Emergency? Skip to Section 3 — Failure Scenario Runbooks. Find the scenario that matches your situation and follow the steps exactly.

1. Recovery Targets

Target	Value	Rationale
RPO (Recovery Point Objective)	[X minutes/hours]	[e.g. "Last committed transaction — database replication is synchronous"]
RTO (Recovery Time Objective)	[Y minutes/hours]	[e.g. "Revenue impact begins at 30 min; target recovery in 15 min"]
MTTR target (non-disaster)	[Z minutes]	[Operational incidents, not DR events]
Data retention (backups)	[N days/weeks]	[Compliance requirement or operational policy]
Backup frequency	[Every X hours]	[RPO-driven — backup interval must be ≤ RPO]

What these mean in practice:

If a database is corrupted, we can lose at most [X minutes] of transactions before the business impact is unacceptable.
The service must be operational again within [Y minutes/hours] of declaring a DR event.
If either target cannot be met, escalate to [Engineering Manager] immediately.

2. Failure Scenario Inventory

Scenario	Likelihood	Impact	RTO target	RPO target	Runbook
Single availability zone failure	Medium	[Partial / Full outage]	[15 min]	[0 — no data loss]	Section 3.1
Full region failure	Low	Full outage	[60 min]	[5 min]	Section 3.2
Database corruption / data loss	Low	Full outage	[90 min]	[RPO value]	Section 3.3
Critical dependency outage	High	[Partial degradation]	[30 min]	[N/A]	Section 3.4
Security breach / ransomware	Very low	Full outage + investigation	[4 hours]	[Last clean backup]	Section 3.5
Accidental bulk data deletion	Low	Partial or full data loss	[60 min]	[RPO value]	Section 3.6

3. Failure Scenario Runbooks

3.1 Single Availability Zone Failure

Trigger: One AZ becomes unreachable — pods/instances in that zone stop responding. Detection: PagerDuty alert [AlertName] fires, or cloud provider status page shows AZ degradation. Expected RTO: [15 minutes] | Expected RPO: Zero (no data loss if multi-AZ replication is working)

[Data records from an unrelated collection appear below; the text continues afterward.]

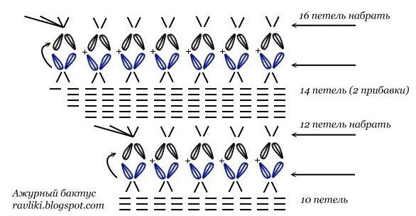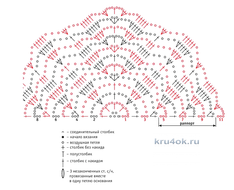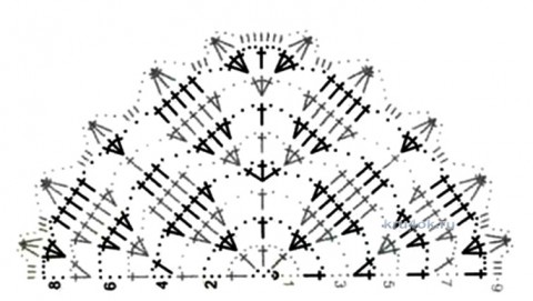 Начинаем вязать аксессуар с петли 1 по схеме ниже. Чередуем в рядах тройные петли с ССН, при этом каждые 2 ряда увеличиваем ширину изделия на 1 пет. Делаем это до тех пор, пока ширина полотна не достигнет 51 петли или 28 см. Затем приступаем к убавлению. Его выполняем также, как и прибавку – 1 петля на 2 ряда.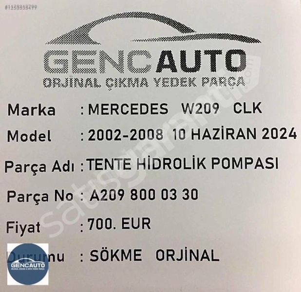 | Çıkma Yedek Parça | Evet |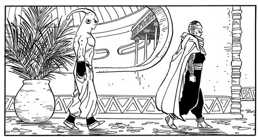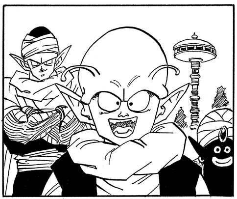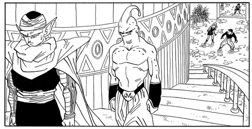 ¡La escena clásica en la que Piccolo escolta lentamente a Majin Buu por el palacio con la esperanza de ganar más tiempo para completar el entrenamiento de Goten & Trunks nos brinda muchas ilustraciones preciosas con las que trabajar! Piccolo parece que conoce el diseño laberíntico del palacio como la palma de su mano mientras conduce a Majin Buu por un pasillo sinuoso tras otro.

Step 1 — Confirm the failure

# Check pod/instance health across zones
kubectl get pods -o wide -n [namespace] | grep -v Running

# Check which nodes are affected
kubectl get nodes -o wide | grep -v Ready

# Verify cloud provider AZ status
# AWS: https://health.aws.amazon.com/health/status
# GCP: https://status.cloud.google.com

Step 2 — Assess whether auto-recovery has occurred

# If using auto-scaling, check if replacement instances launched
kubectl get pods -n [namespace] --watch

# Check deployment replica count
kubectl get deployment [service-name] -n [namespace]

# Verify load balancer health checks are passing
[cloud provider CLI command to check target group health]

Step 3 — Force rescheduling if auto-recovery stalled

# Cordon the affected node so no new pods schedule on it
kubectl cordon [node-name]

# Drain the node — moves all pods to healthy nodes
kubectl drain [node-name] --ignore-daemonsets --delete-emptydir-data

# Verify pods have rescheduled successfully
kubectl get pods -o wide -n [namespace]

Step 4 — Verify service health

# Smoke test key endpoints
curl -s -o /dev/null -w "%{http_code}" https://[service-url]/health
curl -s -o /dev/null -w "%{http_code}" https://[service-url]/[critical-endpoint]

# Check error rate in monitoring
[dashboard link or query]

Recovery confirmed when: All pods are Running, health check returns 200, error rate is at baseline.

3.2 Full Region Failure

Trigger: The primary region is entirely unavailable. Detection: All service health checks failing, cloud provider status page confirms region-wide event. Expected RTO: [60 minutes] | Expected RPO: [5 minutes — based on cross-region replication lag]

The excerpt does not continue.